107. The method of claim 105, wherein the chronic inflammatory liver disease is selected from the group consisting of accumulation of fat in the liver, inflammation of the liver, liver fibrosis, fatty liver disease (steatosis), nonalcoholic steatohepatitis (NASH), nonalcoholic fatty liver disease (NAFLD) and cirrhosis of the liver.

108. The method of claim 107, wherein the chronic inflammatory liver disease is nonalcoholic steatohepatitis (NASH).

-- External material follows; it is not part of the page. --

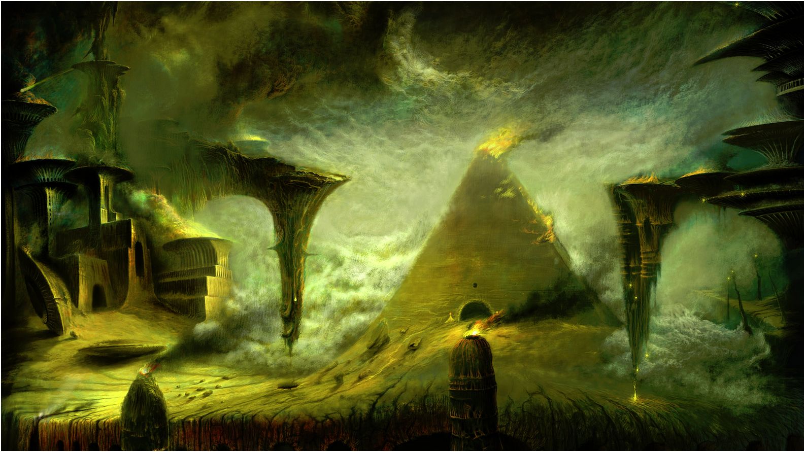 Pyramid the top of it is on fire
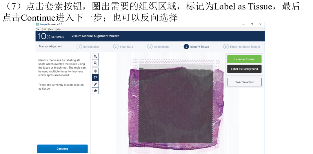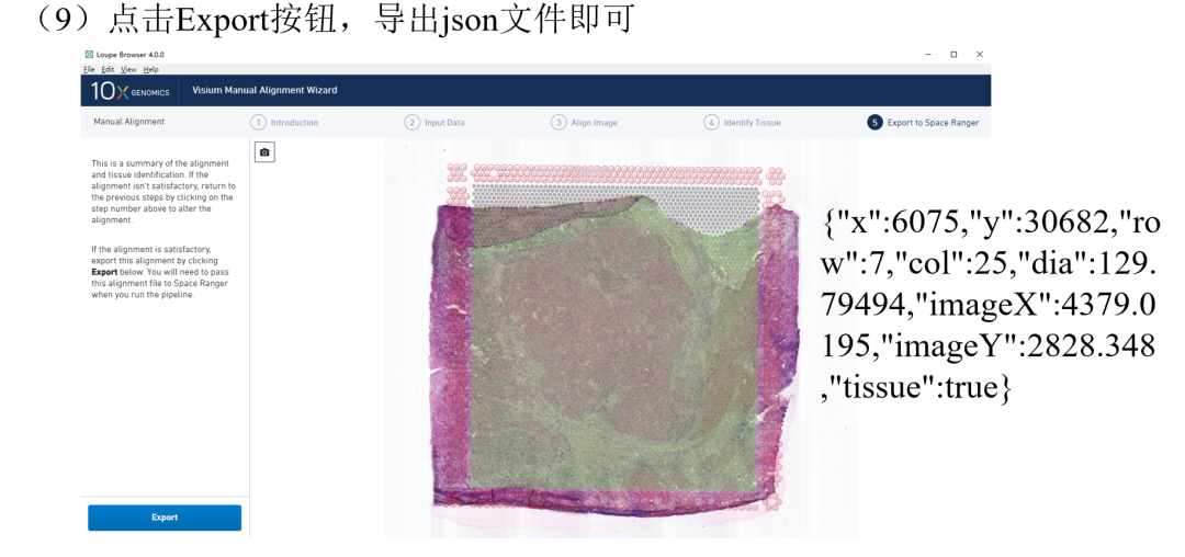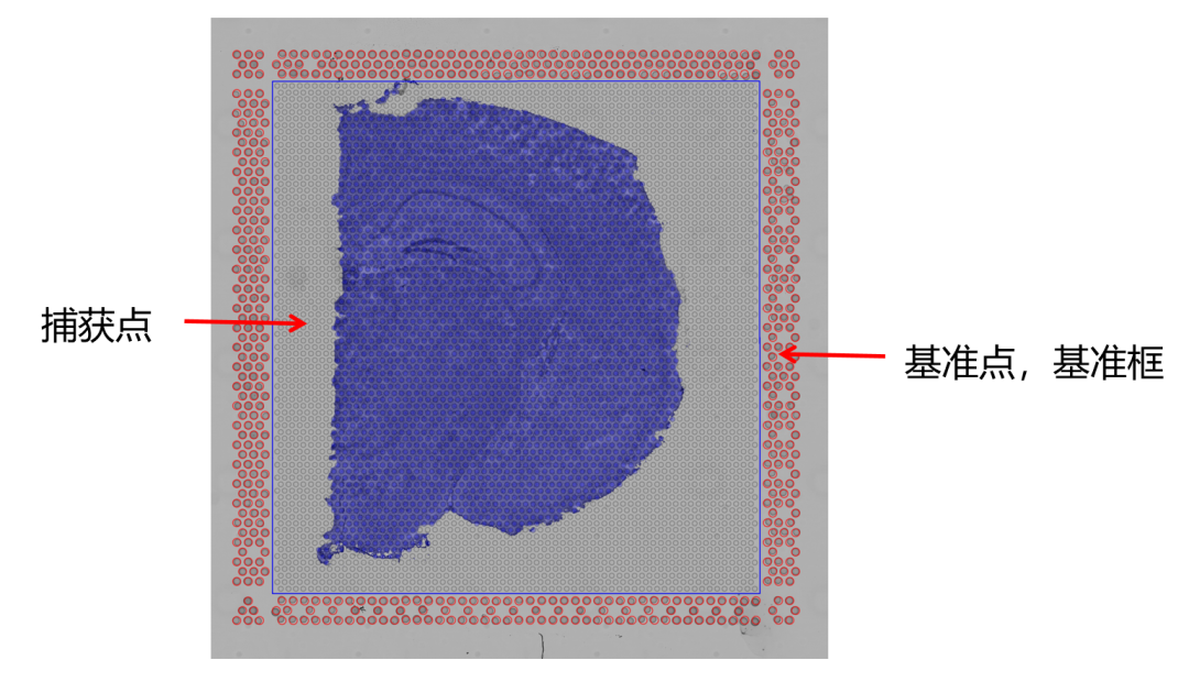 第三部分描述是识别出来的组织区域及spots详细信息,图中红色框就是基准框,捕获区域内蓝色区域即是自动识别出来的组织区域。

109. The method of any one of claims 91-108, wherein the subject is obese.

110. The method of any one of claims 91-109, further comprising administering an additional therapeutic to the subject.

111. The method of any one of claims 91-110, wherein the dsRNA agent is administered to the subject at a dose of about 0.01 mg/kg to about 10 mg/kg or about 0.5 mg/kg to about 50 mg/kg.

112. The method of any one of claims 91-111, wherein the agent is administered to the subject intravenously, intramuscularly, or subcutaneously.

113. The method of any one of claims 91-112, further comprising determining, the level of TRAF6 in the subject.

114. A double stranded ribonucleic acid (dsRNA) agent for inhibiting expression of tumor necrosis factor receptor associated factor 6 (TRAF6) in a cell, wherein the dsRNA agent comprises a sense strand and an antisense strand forming a double stranded region, wherein the sense strand comprises a nucleotide sequence of any one of the agents in any one of Tables 3, 4, 5, 6, 7, 8, 9, or 10 and the antisense strand comprises a nucleotide sequence of any one of the agents in any one of Tables 3, 4, 5, 6, 7, 8, 9, or 10,

wherein substantially all of the nucleotide of the sense strand and substantially all of the nucleotides of the antisense strand are modified nucleotides, and

wherein the dsRNA agent is conjugated to a ligand.